You can generally use the divmod(a, b) function with two integers, one integer and one float, or two floats.

Two integers. Say you call divmod(a, b) with two integers a and b. In this case, the exact mathematical definition of the return value is (a // b, a % b).

a = 5
b = 2
print((a // b, a % b))
print(divmod(a, b))
# OUTPUT:
# (2, 1)
# (2, 1)

One integer and one float. Say you call divmod(a, b) with an integer a and a float b. In this case, the exact mathematical definition of the return value is the return value of converting the integer to a float and calling divmod(a, float(b)).

a = 5.0
b = 2
print((a // b, a % b))
print(divmod(a, b))
# OUTPUT:
# (2.0, 1.0)
# (2.0, 1.0)

Two floats. Say you call divmod(a, b) with two floats a and b.
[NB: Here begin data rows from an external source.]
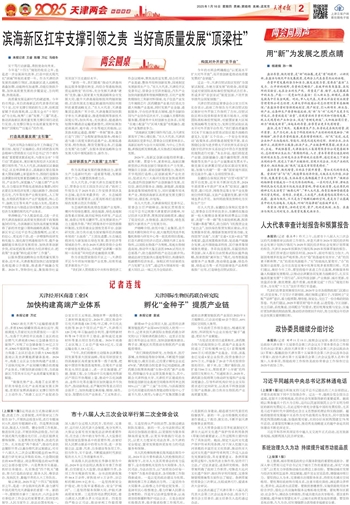 “这次市两会为做好全年工作确定了发展目标、规划了实施路径,我们将把落实两会精神与贯彻落实习近平总书记‘四个善作善成’重要要求联系起来,与落实全市‘十项行动’贯通起来,更好地发挥经济大区的支撑引领作用。”市人大代表,滨海新区区委副书记、区长单泽峰表示,滨海新区要在服务重大国家战略上彰显新作为,围绕打造服务京津冀协同发展重要战略支点,紧盯创新协同、产业协作,深度融入“六链五群”产业布局,合力建设世界级先进制造业集群;同时还要在实体经济发展上闯出新路子,推动绿色石化、汽车等优势产业焕发新机,人工智能、生物医药等新兴产业扩能提质,核心芯片、脑机交互等未来产业抢占先机,促进生产性服务业与制造业协同集聚,打造以实体经济为支撑的现代化产业体系。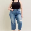 Plus Size High Waist Back Destroy & Raw Cut Hem Crop Wide – Medium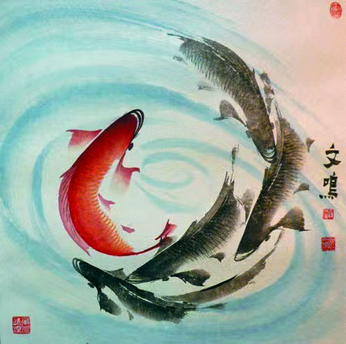 太極玄魚國畫始創(chuàng)人、著名書畫家程文鳴創(chuàng)作風(fēng)水畫《魚》系列作品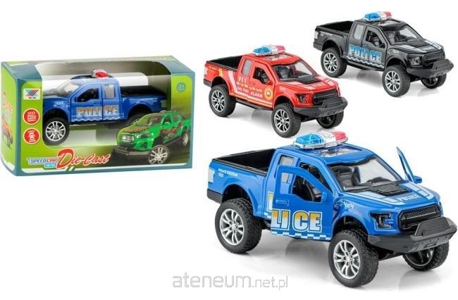 Wybierz swój ulubiony metalowy terenowy pojazd służb specjalnych! Oferujemy solidnie wykonane modele typu die-cast w trzech atrakcyjnych kolorach: dynamiczny radiowóz policyjny w niebieskim kolorze z napisem "POLICE", gotowy do akcji wóz strażacki w intensywnym czerwonym odcieniu z detalami "911" i "FIRE ALARM", oraz stylowy pick-up w eleganckim czarnym kolorze. Każdy pojazd charakteryzuje się realistycznymi detalami, takimi jak opony z bieżnikiem i precyzyjnie odwzorowane nadwozie, co pobudzi wyobraźnię Twojego dziecka. Solidna, metalowa konstrukcja gwarantuje trwałość i odporność na intensywną zabawę. Te pojedyncze pojazdy to doskonały sposób na rozbudowanie kolekcji małego fana motoryzacji i służb mundurowych. Zbierz je wszystkie trzy, aby tworzyć jeszcze bardziej ekscytujące scenariusze zabaw! Idealny jako drobny upominek lub dodatek do większego prezentu.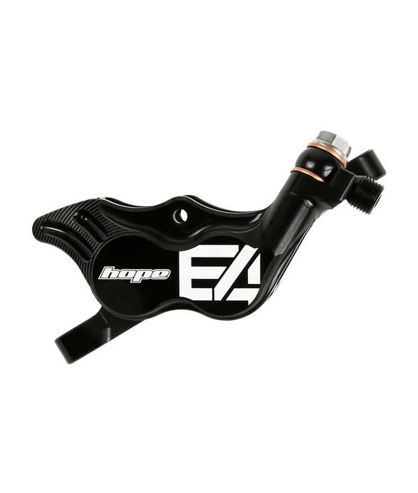 Der E4 Postmount Bremssattel besitzt schwarze Bohrungsdeckel hinter denen 4 x 16mm Bremskolben liegen, welche maximal Bremskraft zusammen mit der legendären Dosierbarkeit von Hope vermitteln. Der Leitungsabgang befindet sich auf der Innenseite des Bremssattels, um das Knicken der Leitung zu vermeiden. Das abgedichtete Entlüftungsnippel sorgt für leichtere Wartung Zur einfachen Handhabung können die Bremsbeläge von oben montiert werden. Für eine super edle Optik und lange Haltbarkeit ist die Bremse komplett eloxiert und mit gelaserten Hope Logos versehen.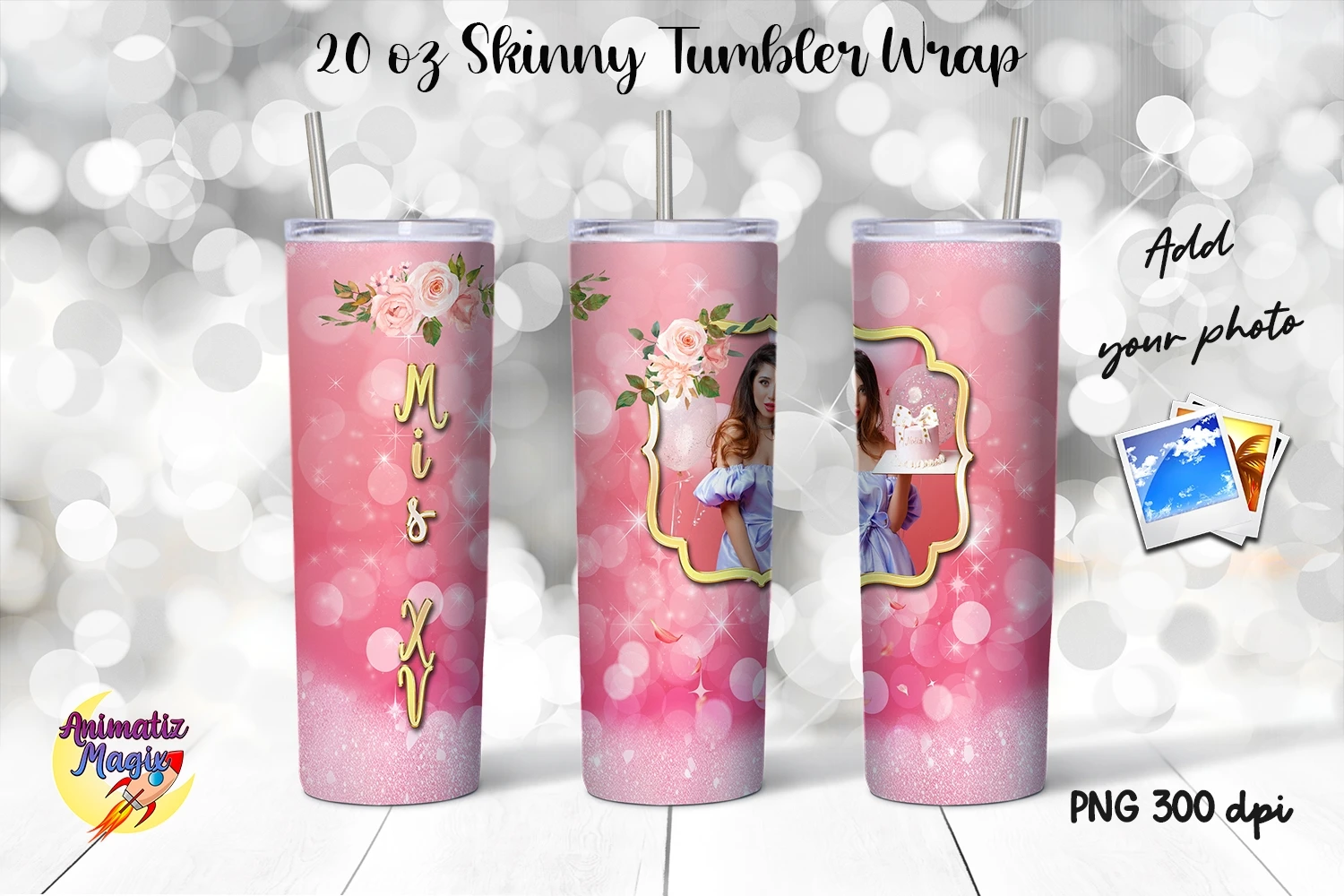 Photo Frame Quinceanera Rose Tumbler Wrap 20oz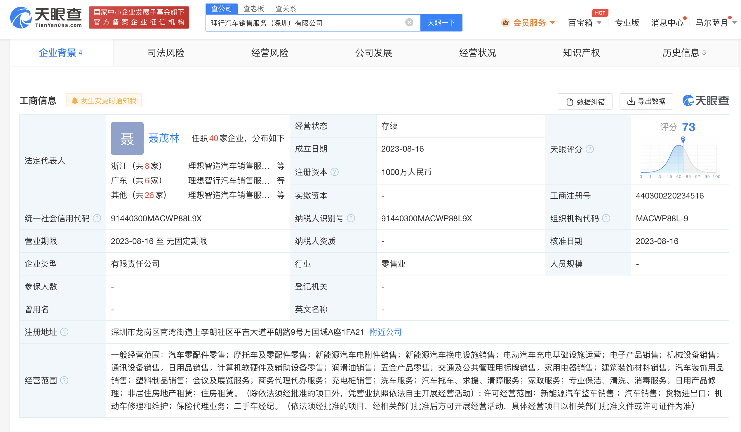 理想汽车在深圳成立销售公司,注册资本1000万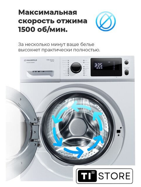 | Максимальная скорость отжима | 1500 об/мин |

In this case, the exact mathematical definition of the return value is (float(math.floor(a / b)), a % b).

import math

a = 5.0
b = 2.0
print((float(math.floor(a / b)), a % b))
print(divmod(a, b))
# OUTPUT:
# (2.0, 1.0)
# (2.0, 1.0)

Note that because of the imprecision of floating point arithmetic, the result may have a small floating point error in one of the lower decimal positions. You can read more about the floating point trap on the Finxter blog.

Related Tutorial: Floating Point Error Explained

Python divmod() Negative Numbers

Can you use the divmod() method on negative numbers for the dividend or the divisor?

You can use divmod(a, b) for negative input arguments a, b, or both. In any case, if both arguments are integers, Python performs integer division a // b to obtain the first element and modulo division a % b to obtain the second element of the returned tuple. Both operations allow negative inputs a or b. The returned tuple (x, y) is calculated so that x * b + y = a.

Here’s an example of all three cases:

>>> divmod(-10, -3)
(3, -1)
>>> divmod(-10, 3)
(-4, 2)
>>> divmod(10, -3)
(-4, -2)

Python divmod() Performance — Is It Faster Than Integer Division // and Modulo % Operators?

There are two semantically identical ways to create a tuple where the first element is the result of the integer division and the second is the result of the modulo operation:

  • Use the divmod(a, b) function.
  • Use the (a // b, a % b) explicit operation with Python built-in operators.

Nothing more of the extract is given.